Then, all include the word data of this affixe ology to make this enquiry module 130 continue retrieval from database 110, as " technology ", " sociology " and " biology " etc.; Then, this screening unit 131 promptly compares one by one to this word data, as the word of not finding to conform to fully with affixe " ology "; Then analyze the word-building position of ology in this word, because this affixe ology is " suffix " in word " methodology ", 131 of this screening unit filter out the word data that all are suffix with ology; At last each word and this affixe ology are carried out diversity ratio, for example after removing ology, remain alphabetical minimum person, find that after contrasting word " biology " is the most similar to affixe " ology ", promptly select it and be best word data for best.

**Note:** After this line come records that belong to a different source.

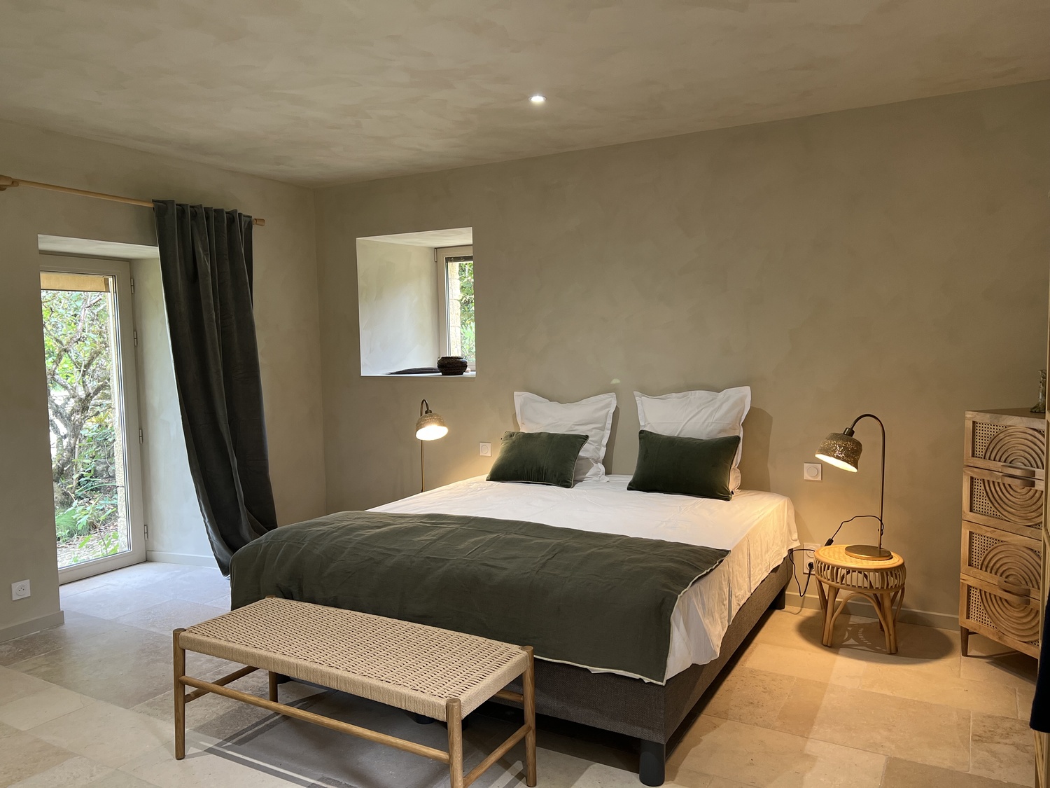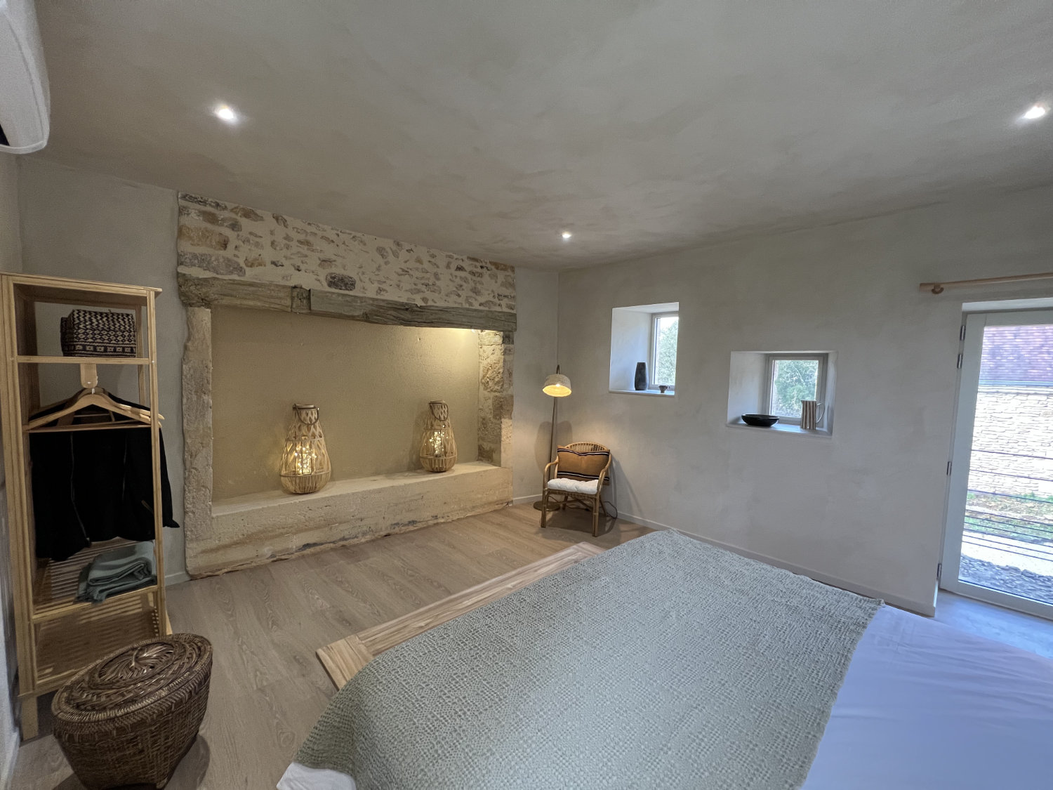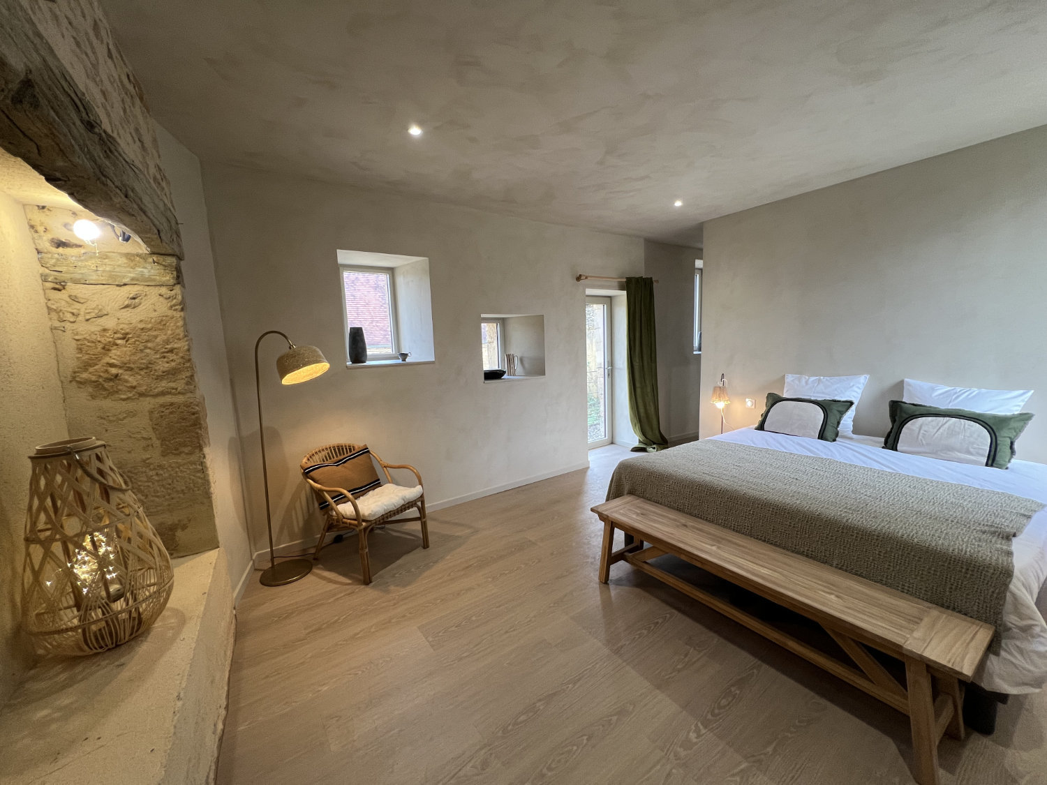 Blotti sur les hauteurs de Sarlat, à quelques minutes seulement du centre historique, La Maion de Sarlat invite à la quiétude et au ressourcement. Nichée au cœur du Périgord Noir, cette authentique longère périgourdine a été entièrement restaurée et transformée en maison de vacances haut de gamme par une décoratrice locale en 2025.  Les travaux, réalisés dans le respect des recommandations écologiques et environnementales, ont été confiés à des artisans d’art de la région, garants d’un savoir-faire traditionnel et raffiné.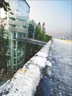 “前幾天這里已經(jīng)建好了一個(gè)圓柱形的電梯井,井壁是綠色透明的玻璃,聽(tīng)當(dāng)時(shí)正在施工的工作人員說(shuō),這里要建一個(gè)觀光直達(dá)電梯!奔易∥涠ㄩT附近的一位南京市民董先生當(dāng)時(shí)對(duì)早報(bào)記者表示,明城墻已經(jīng)進(jìn)入世界物質(zhì)文化遺產(chǎn)預(yù)備名單,與國(guó)內(nèi)其他幾個(gè)城市的明城墻捆綁申遺,“如果在這兒建一個(gè)現(xiàn)代化的電梯,這樣的古城墻還能申遺成功嗎?”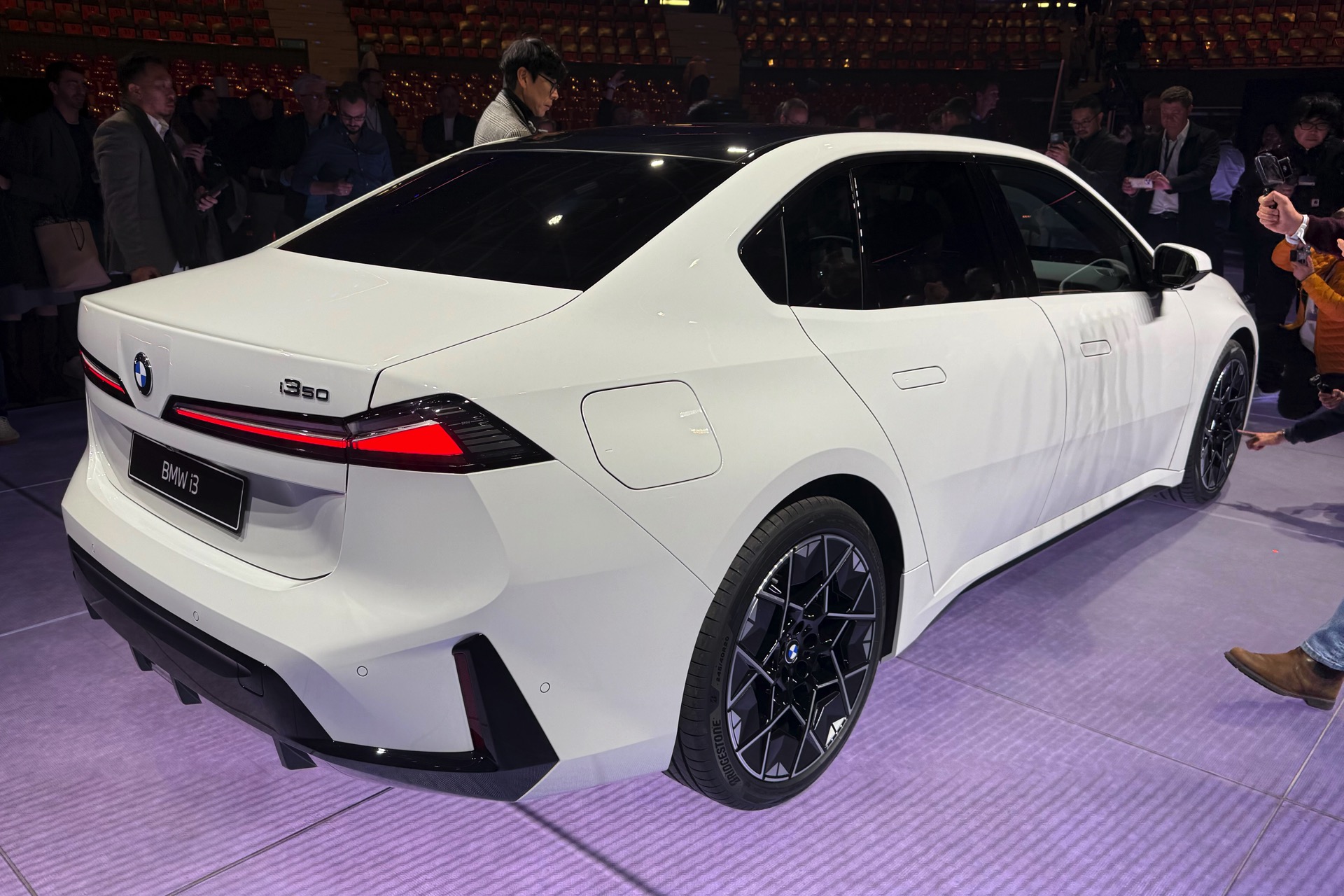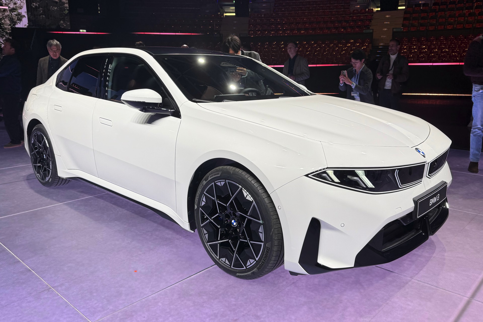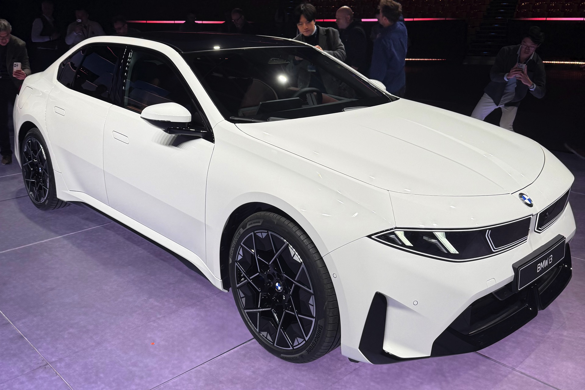 Bei der Weltpremiere des neuen BMW i3 (NA0) war die Neue Klasse im 3er-Format nicht nur in der Launchfarbe Le Castellet Blau zu sehen, sondern wurde auch erstmals in Weiß gezeigt. Unsere Live-Fotos aus dem BMW Park München zeigen den Elektro-3er mit M Sport-Paket und Lackierung in Alpinweiß, außerdem trägt er die 21 Zoll großen Aerodynamikräder im Styling 1067 M. Wie der i350-Schriftzug am Heck verrät, handelt es sich um die vom iX3 bekannte Antriebsvariante mit einer Systemleistung von 469 PS und 645 Newtonmeter Drehmoment, die den i3 50 xDrive in unter fünf Sekunden von 0 auf 100 km/h beschleunigen kann.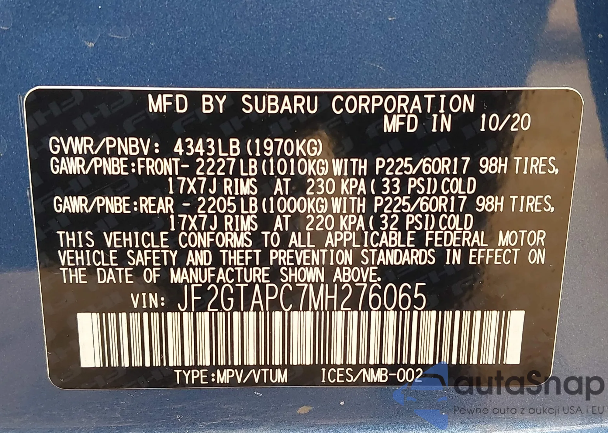 VIN: JF2GTAPC7MH276065

Cut 140 of sound modules and be used for the root and the affixe data that decomposite with reference to this parsing module 120, and be that sound is cut with the word data that this enquiry module 130 inquires by unit, thereby obtain this root and the pairing voice data of affixe with the syllable.In the present embodiment, the result of these enquiry module 130 inquiries is the word " method " of corresponding root " method " and the word " biology " of corresponding affixe " ology ".Because method and this root are in full accord, so its pairing " speech sound waves 1 (not marking) " data promptly can directly be utilized.This cuts the content of sound module 140 with reference to affixe " ology ", with syllable (vowel or word sound) is that the sound processing is cut accordingly at the speech sound waves data of this word " biology " by unit, and cut at its vowel place, with the back segment speech sound waves data of intercepting word, i.e. " ology " corresponding " speech sound waves 2 (not marking) " data.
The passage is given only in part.